# Router won't start



## jollijiant (Aug 21, 2010)

I bought my router about 3 years ago for a project and never used it. I took it out of the box today to use it for the first time, and it won't start. It is a variable speed plunge router from Black and Decker. If you watch very carefully, you can see the bit spinning VERY slowly, but not anywhere fast enough to cut anything. You can definitely hear the motor kick on, and I've tried to change the speed from slow to fast, but nothing is working!!


----------



## bobj3 (Jan 17, 2006)

Hi

It's hard to say but but I would suggest a little WD40, unplug it and turn it by hand until it turns free, than plug it back in and try it..

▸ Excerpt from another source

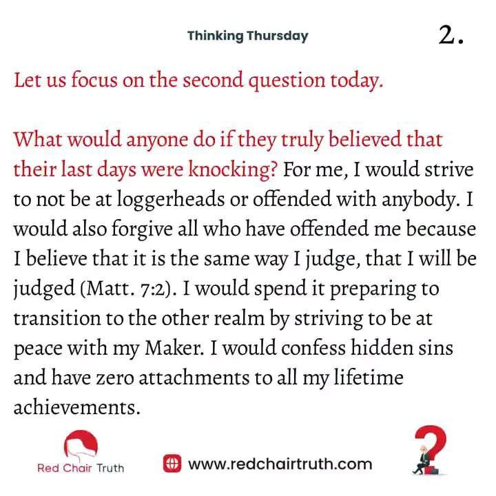 What would anyone do if they truly believed that their last days were knocking? For me, I would strive to not be at loggerheads or offended with anybody. I would also forgive all who have offended me because I believe that it is the same way I judge, that I will be judged (Matt. 7:2). I would spend it preparing to transition to the other realm by striving to be at peace with my Maker. I would confess hidden sins and have zero attachments to all my lifetime achievements.

Black & Decker® Plunge Router (RP250) - Routers - Ace Hardware

========



jollijiant said:


> I bought my router about 3 years ago for a project and never used it. I took it out of the box today to use it for the first time, and it won't start. It is a variable speed plunge router from Black and Decker. If you watch very carefully, you can see the bit spinning VERY slowly, but not anywhere fast enough to cut anything. You can definitely hear the motor kick on, and I've tried to change the speed from slow to fast, but nothing is working!!


----------



## Al Smith (Jul 9, 2010)

jollijiant said:


> I bought my router about 3 years ago for a project and never used it. I took it out of the box today to use it for the first time, and it won't start. It is a variable speed plunge router from Black and Decker. If you watch very carefully, you can see the bit spinning VERY slowly, but not anywhere fast enough to cut anything. You can definitely hear the motor kick on, and I've tried to change the speed from slow to fast, but nothing is working!!


Jolli
Several years ago this happened tome with a Skill plunge router. I found the brushes not seated, took a drill bit,chucked it into the router, un plugged the router, the other end of the bit I put in a reversable drill and ran the drill for a few seconds, prob 30 at the most, remove3d the drill and the router turned on, since then no problem

Allen


----------